We setup a quick (but not minimalistic test environment) to troubleshoot quickly.
It requires the followig:
- A recent version (1.25.2 at the time of this writing) of envoy's binary in your path
- A recent version of coredns in your path
- golang (version 1.18 or above)
- terraform
- A kubernetes running locally (example defaults to microk8s)
Simplifying the requirements of the test is not a high priority at this time, but we can get to it if there is a demand.
To run it:
- Start your dns server locally (run test-setup/dns/run.sh)
- Start etcd in kubernetes mapped with a nodeport (run terraform init && terraform apply in test-setup/etcd)
- Start your upstream server (run test-setup/upstream-server/run.sh)
- Start your envoy control plan (run test-setup/control-plane/run.sh)
- Load configurations for envoy one and two in etcd (run terraform init && terraform apply in load balancer-configs)
- Start your first envoy server (run test-setup/envoy/run.sh)
- Start your second envoy server (run test-setup/envoy/run.sh)
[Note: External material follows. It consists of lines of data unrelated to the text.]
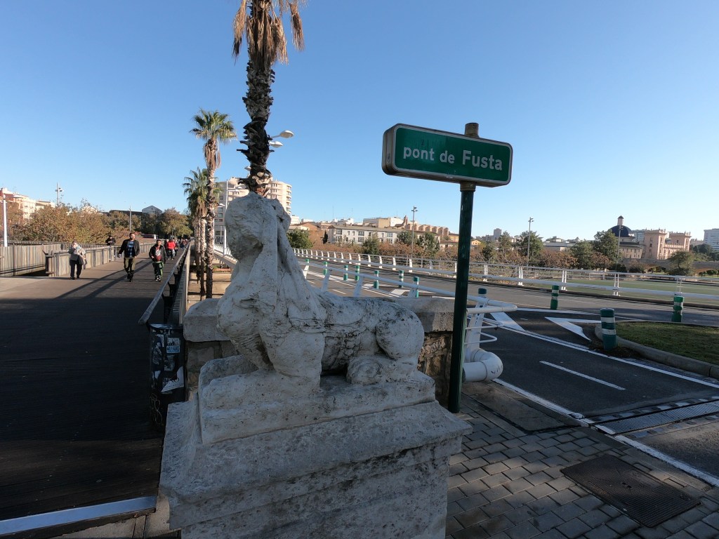 En el Puente de Madera, en la entrada a la pasarela peatonal, están enclavadas dos estatuas de piedra, colocadas una frente a la otra, sobre un alto pedestal, de autor desconocido, fechadas hacia 1838, que representan a una mujer con velo y con cuerpo de león, llevando una cinta en torno al cuello, flores en el pelo, estando las cabezas tocadas por un velo que les cae sobre los hombros. Se encuentran ambas estatuas en un mal estado de conservación.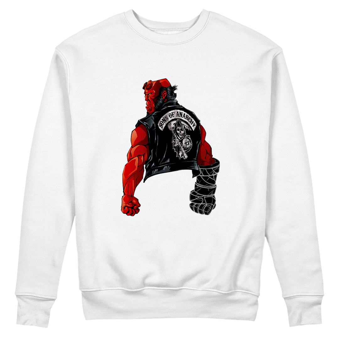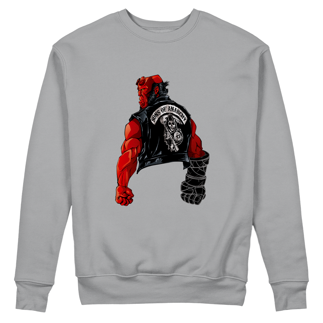 Desvende o crossover épico nesta estampa exclusiva! O anti-herói Hellboy encontra a selvagem gangue de motociclistas de Sons of Anarchy. Com Ron Perlman interpretando ambos os personagens, Hellboy adota o estilo da gangue, vestindo a icônica jaqueta, revelando um encontro inusitado e cheio de atitude. Uma fusão única entre o sobrenatural e o mundo das estradas. Garanta já a sua dose de rebeldia com a estampa Sons of Hell!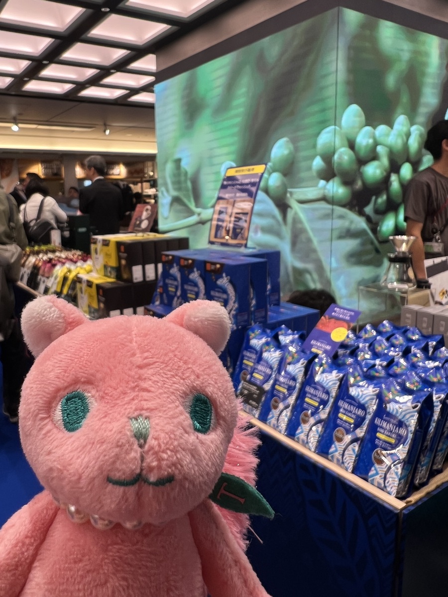 先行でキリマンジャロ販売されていたのかな…綺麗に陳列されていますね✨ブルーのシマウマ🦓さんパッケージ綺麗な色、可愛いです。新幹線で提供のコーヒー試飲できるの嬉しいですね。スクール気になります。雰囲気伝わってきました。ありがとうございました♫
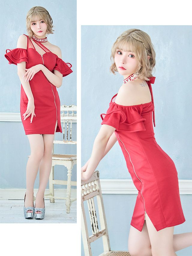 ビジュー付きチョーカーデコルテカットアウト肩あきフリル袖フロントジップストレッチタイトミニドレスのカラーバリエーション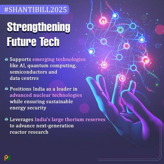 Rooted in the core principles of nuclear safety, sustainability and innovation, the Bill strengthens India’s transition towards clean and reliable energy by harnessing artificial intelligence, green manufacturing and energy sovereignty. At the same time, it opens up new avenues for industry, start-ups and the youth, reinforcing India’s commitment to a future that is self-reliant, technologically advanced and environmentally responsible.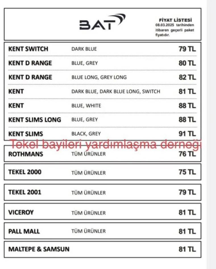 Bugünden (8 Mart 2025) itibaren geçerli olacak yeni fiyat listesine göre sigara fiyatları 75 TL ila 91 TL arasında değişecek.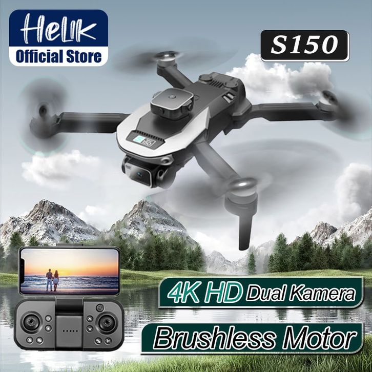 HELIK S150 DRONE DENGAN HD DUAL CAMERA MINI DRONE WIFI FPV ANTI TABRAKAN DAPAT DILIPAT BRUSHLESS MOTOR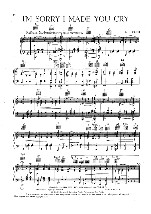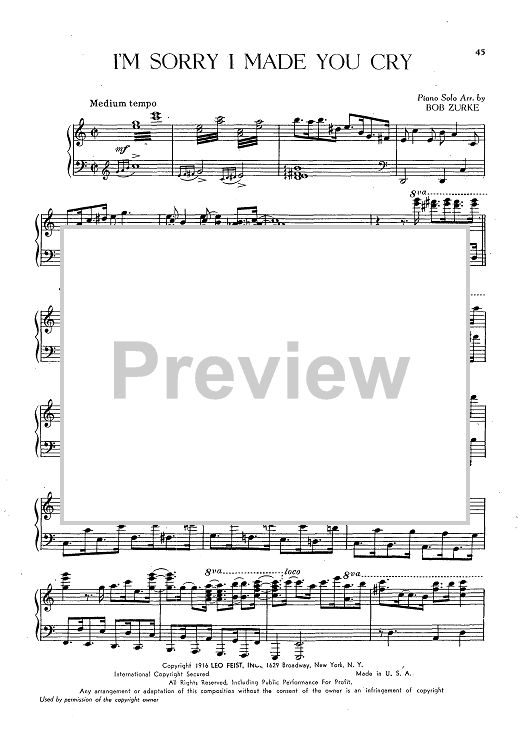 Digital Sheet Music for I'm Sorry I Made You Cry by Bob Zurke, N. J. Clesi scored for Piano Solo; id:423065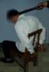 Les gardiens et les prisonniers menottent les pratiquants de Falun Gong à une chaise de métal, les mains derrière le dos, à l’arrière de la chaise (Ici nous utilisons une chaise ordinaire pour la démonstration) Un malfaiteur piétine les menottes et pousse avec force. À la fin, la personne se place debout de tout son poids sur les menottes. À ce moment-là, les menottes deviennent extrêmement serrées aux poignets et les bras et les poignets du pratiquant deviennent engourdis et perdent toute sensation. Les poignets deviennent enflés et bleus, et saignent. En même temps, les policiers et les prisonniers fouettent le pratiquant avec une ceinture en cuir ou battent le pratiquant violemment. Ils versent également de l'eau froide sur le pratiquant.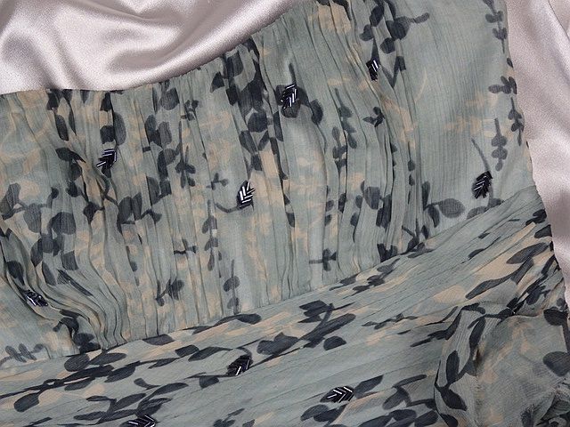 Luxusné hodvábne šaty bledozeleno-béžovej farby, s potlačou, materiál 100% hodváb, podšité, na boku zips, super stav.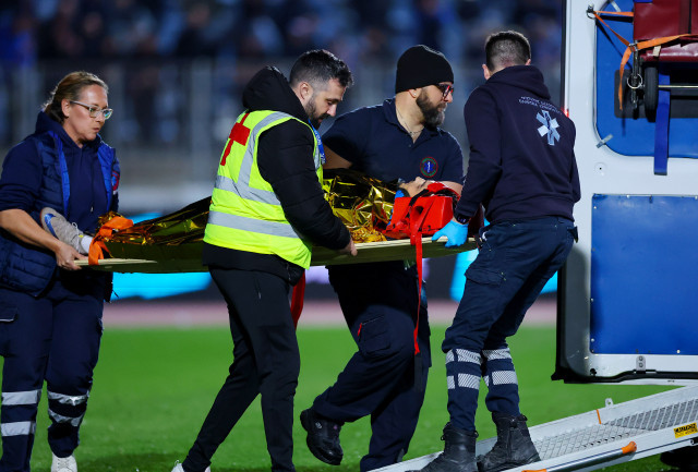 Το παιχνίδι διακόπηκε για περίπου 10 λεπτά μέχρι να του παρασχεθούν οι πρώτες βοήθειες έτσι ώστε να μπορέσει να μπει στο ασθενοφόρο.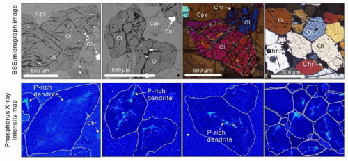 中国科学院广州地球化学研究所岩浆作用与成矿学科组的科研人员,首次对我国攀西地区阿布郎当超镁铁质岩体中自形橄榄石,以及白马岩体中具有海绵陨铁结构的钒钛磁铁矿矿石中浑圆状橄榄石,进行P环带研究。采用高精度电子探针元素面扫描、激光ICP-MS以及电子背散射衍射(EBSD)技术,发现自形橄榄石和浑圆状橄榄石具有显著不同的P环带结构,记录了其不同的生长过程。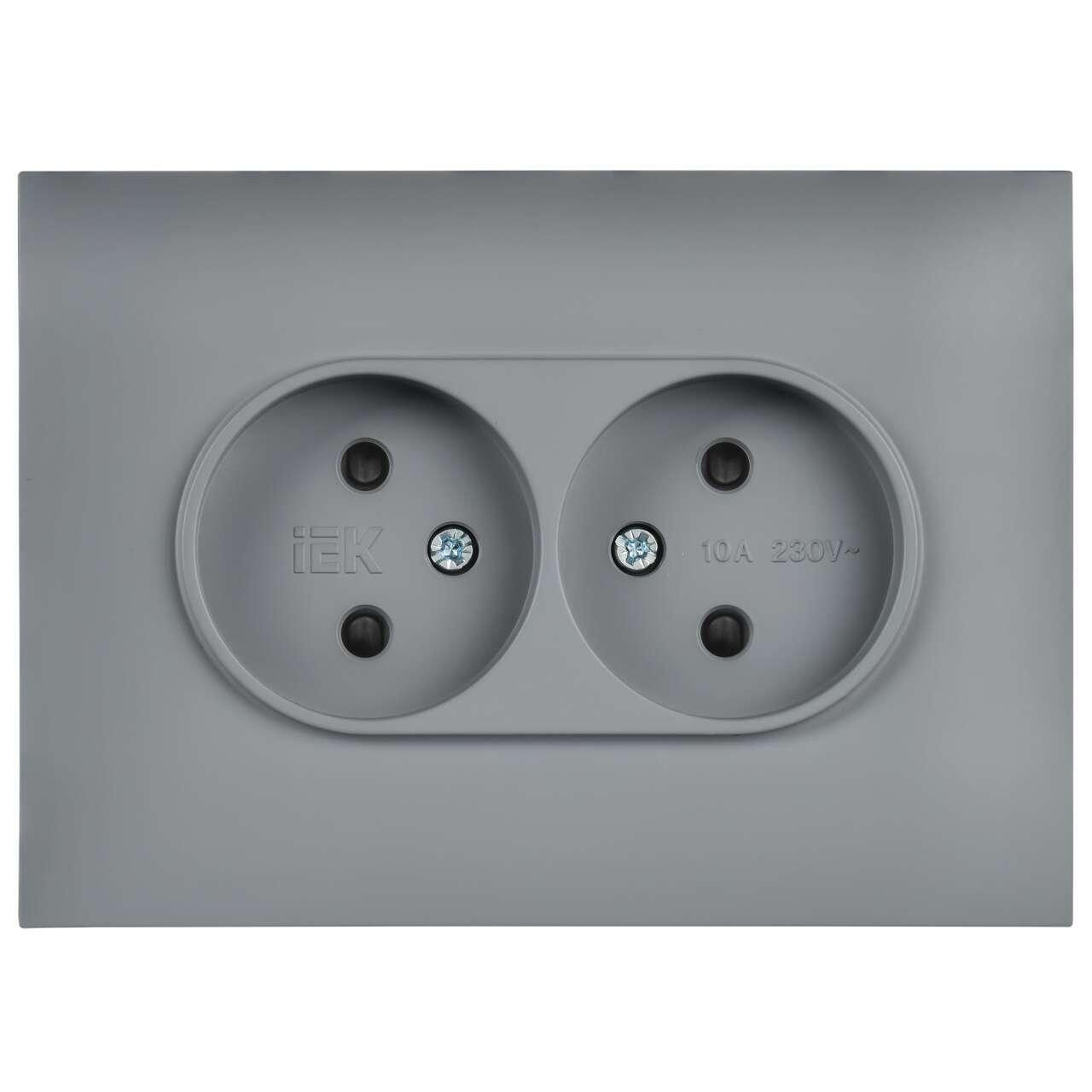 ОформитьSKANDY Розетка 2-местная без заземления с защитными шторками 10А в сборе SK-R09Gr серый IEK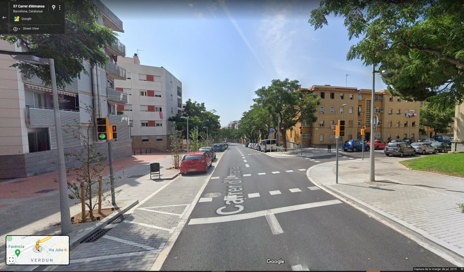Abans quan el carrer Almansa era de doble sentit no hi havia cap semàfor.

The 5 services of the upstream server will be listening directly on the following endpoints:
127.0.0.1:8081
127.0.0.1:8082
127.0.0.1:8083
127.0.0.1:8084
127.0.0.1:8085
The first 3 services of the upstream http server should be mapped on the following endpoints via the first envoy proxy:
127.0.0.1:9081
127.0.0.1:9082
127.0.0.1:9083
And they should also be mapped on the following endpoints via the second envoy proxy:
127.0.0.1:10081
127.0.0.1:10082
127.0.0.1:10083
You can change the envoy configurations in load balancer-configs, run terraform apply and watch the envoy proxies automatically adjust to the new configuration through the control plane.
Note that there is an additional upstream server (upstream-server-2) that you can start to test health checking adjustments. The second server will bind on 127.0.1.1. The dns server already answers dns queries with the ips of both upstream servers so you've already been validating the health checking on startup, but it never hurts to validate when the server is up and down.